Corrections: The incorrect geographical term ‘Czechoslovakia’ was used. It has been changed to ‘Czech Republic’, given they are two different demographs. Updates: An addendum has been added to the end of the article thanks to insights by Maxipes.
Warning: I hope you love numbers because there will be a lot of them in this article.
Precursor
Jessica Rose has recently published an article linking to the Czech deaths and ‘vaccination’ dataset that has been FOIA’d by Steve Kirsch.
I had wondered why the data hadn’t been offered previously and why the same graphs were being reused, but then I found out from Jessica’s article, the data contains a whopping 11,028,372 records (that’s over 11 million records).
I lit up with glee! Processing extremely large datasets is one of my many grab-bags (folks might remember the time I almost melted my CPU doing OCR to convert the massive Fauci FOIA into searchable text).
11 million records will cause most spreadsheet programs to perform horribly or just tip-over entirely. LibreOffice Calc (above) only partially loads the dataset and throws an error (LibreOffice Calc’s maximum row count is just over a million at 1,048,576).
This isn’t the first time I had encountered this. The NHS are notorious for using spreadsheets for large quantities of patient record data.
Fixing The Problem
Normally, what you’re supposed to do with such large datasets is use software and file formats designed for such things, such as SQL or SQLite.
As it so happens, behind the scenes, The Daily Beagle has been developing ‘MIMS’ (Minimal Information Management System), which makes use of SQLite. I still also had the CSV processing code from the time I stayed up until 3am to refute the CDC in order to produce a video showing a vast number of studies showing the harms with the shots.

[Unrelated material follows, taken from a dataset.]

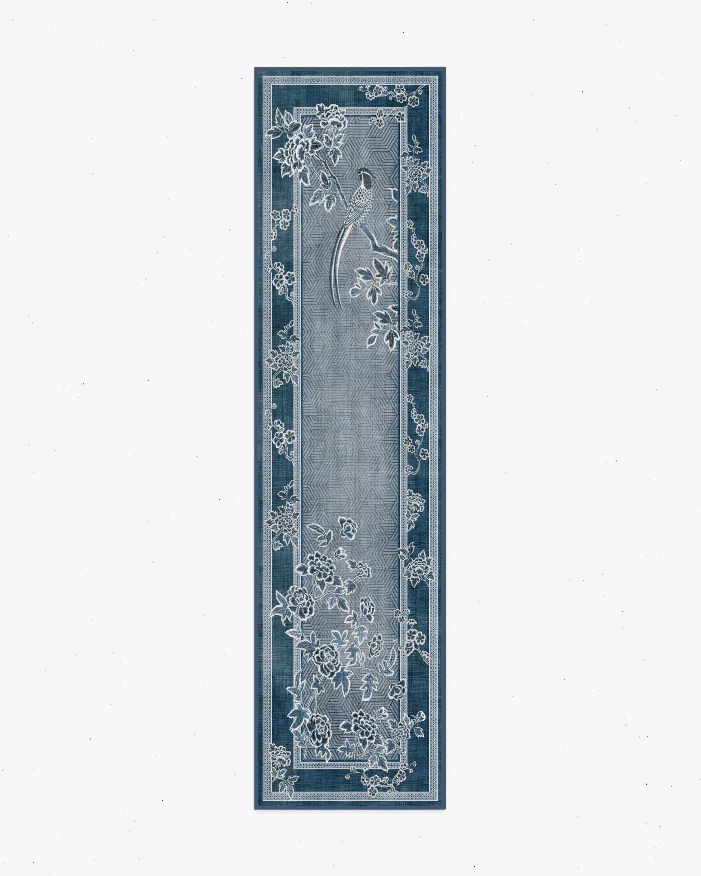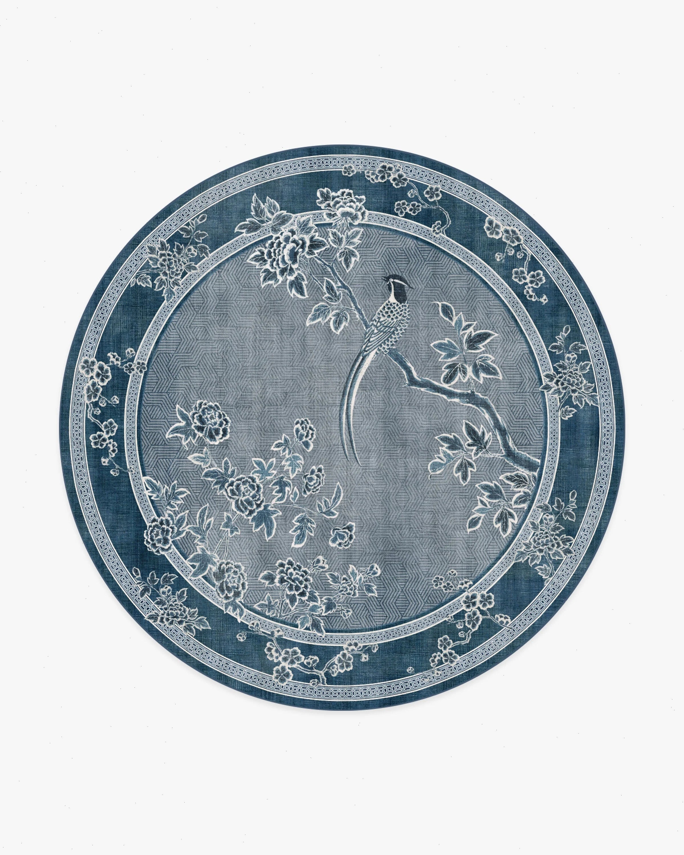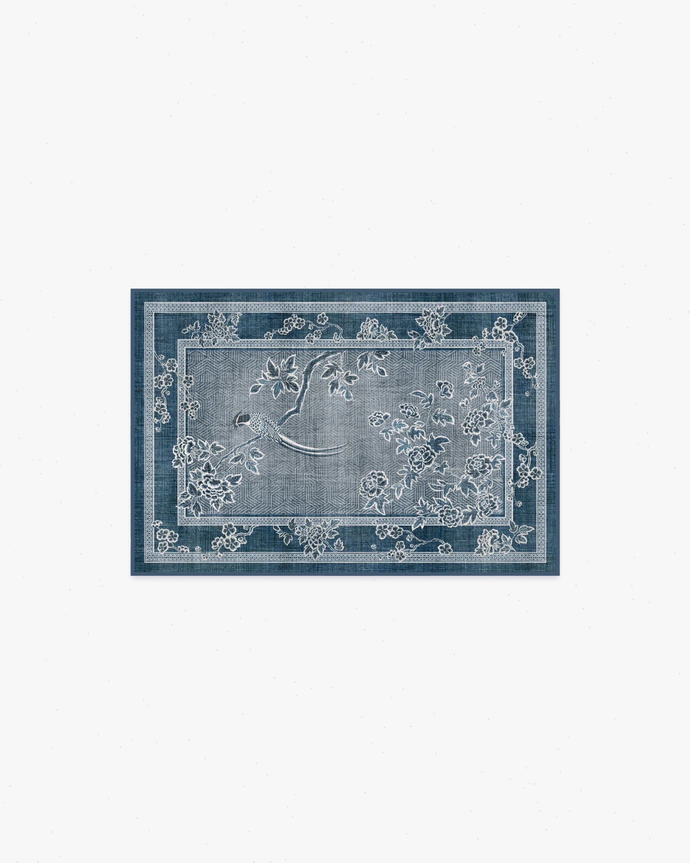 Inspired by handpainted Chinese landscape paintings, our Gracie Draper Blue Rug features bold floral and bird motifs with an antique feel. Subtle patterning appears in the border, enhancing the illusion of an infinite landscape. Its palette of deep lapis blues, silvery-slate blues, and creamy whites blend beautifully, giving the pattern a delicate quality. Water-resistant, stain-resistant, and machine-washable. Rug colors may vary slightly according to your device and the lighting in your space.

Punching out some code using the software library I’ve made, I begun converting the CSV into an SQLite file (roughy 1.1 GB, approximately the same size as the .CSV file). A row level count confirming there are 11,028,372 records inserted.
Field titles translated using Google translate and spaces replaced with underscores to prevent typical SQLite issues with naming conventions. Other than that, no further changes were made.
Anomalies In The Dataset
First anomaly: the number of records (11,028,372) exceeds the total population count of Czech Republic.
Citing different sources:
Worldometers: 10,504,183
Countrymeters.info: 10,732,783
World Population Review: 10,503,912
According to the Czech government in 2022: 10,533,399
According to the Czech government’s real time tracker: 10,859,532 (accurate as of 19th June 2024 when above screenshot was taken)
Somehow we have between 168,840 to 494,973 more records for people than there are people in the Czech Republic. The FOIA descriptor states that it is…
Anonymizovaná data všech občanů ČR vedených v datových sadách ÚZIS v letech 2020, 2021 a 2022, 2023 a dostupná data roku 2024 […]
[Translated: Anonymized data of all citizens of the Czech Republic maintained in the ÚZIS datasets in 2020, 2021 and 2022, 2023 and available data in 2024 […] ]
I refuse to believe there is a 100% data tracking rate amongst the entire populace. No medical record system is 100% complete. It is an impossibility; the absence of gender codes for 9,942 records (discussed later) proves that. And yet somehow there are more records than citizens.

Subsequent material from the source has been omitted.